» SOURCE INFORMATION:
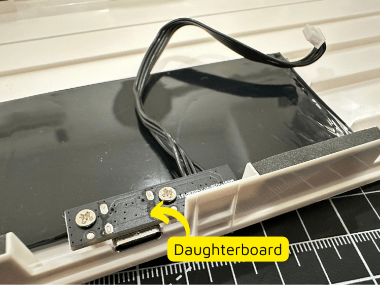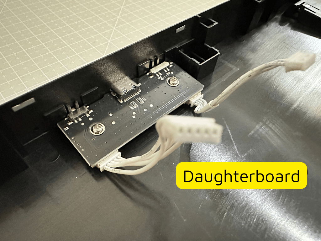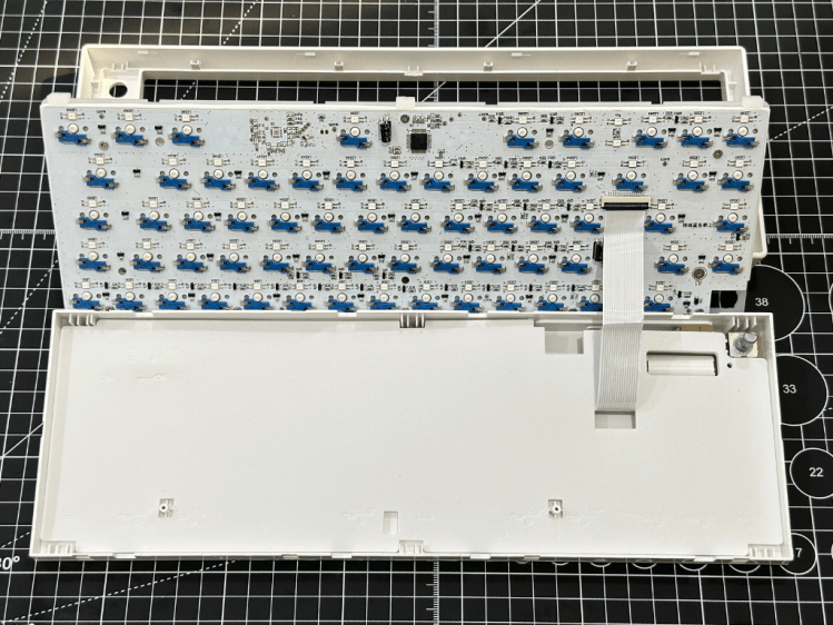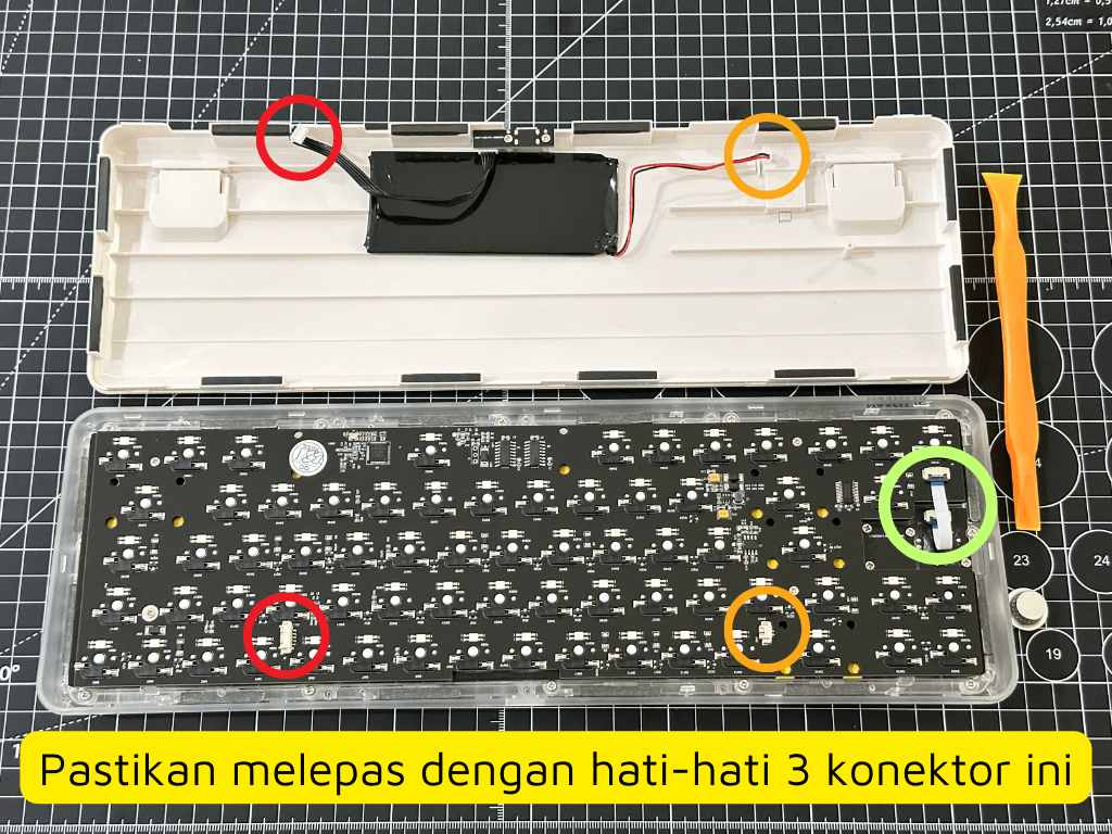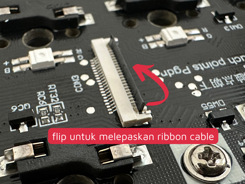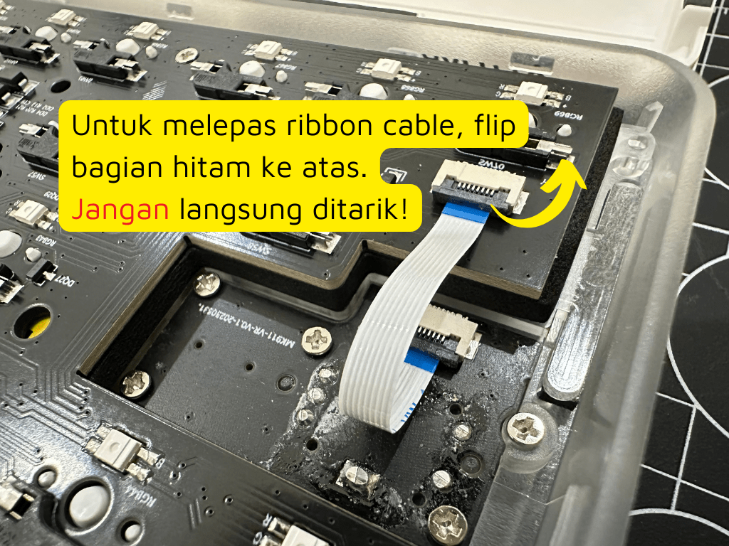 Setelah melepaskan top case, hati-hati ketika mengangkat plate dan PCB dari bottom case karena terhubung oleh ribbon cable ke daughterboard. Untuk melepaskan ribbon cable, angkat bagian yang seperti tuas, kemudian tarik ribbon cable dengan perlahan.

* * *

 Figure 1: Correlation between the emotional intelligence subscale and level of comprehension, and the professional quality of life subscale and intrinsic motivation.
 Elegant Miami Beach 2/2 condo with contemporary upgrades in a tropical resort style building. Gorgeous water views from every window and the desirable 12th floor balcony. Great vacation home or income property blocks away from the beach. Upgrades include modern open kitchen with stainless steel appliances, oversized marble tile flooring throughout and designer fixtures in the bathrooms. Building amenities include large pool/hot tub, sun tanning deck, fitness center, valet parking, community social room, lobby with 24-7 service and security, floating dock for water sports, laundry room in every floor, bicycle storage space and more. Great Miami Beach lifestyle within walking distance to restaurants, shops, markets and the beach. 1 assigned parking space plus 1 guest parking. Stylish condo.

» YOUR INSTRUCTIONS: Your answer must be the lines above from the one containing "Figure 1: Correlation" to the one containing "Elegant Miami Beach", both included, restated word for word.

» TASK RESULT:
 Figure 1: Correlation between the emotional intelligence subscale and level of comprehension, and the professional quality of life subscale and intrinsic motivation.
 Elegant Miami Beach 2/2 condo with contemporary upgrades in a tropical resort style building. Gorgeous water views from every window and the desirable 12th floor balcony. Great vacation home or income property blocks away from the beach. Upgrades include modern open kitchen with stainless steel appliances, oversized marble tile flooring throughout and designer fixtures in the bathrooms. Building amenities include large pool/hot tub, sun tanning deck, fitness center, valet parking, community social room, lobby with 24-7 service and security, floating dock for water sports, laundry room in every floor, bicycle storage space and more. Great Miami Beach lifestyle within walking distance to restaurants, shops, markets and the beach. 1 assigned parking space plus 1 guest parking. Stylish condo.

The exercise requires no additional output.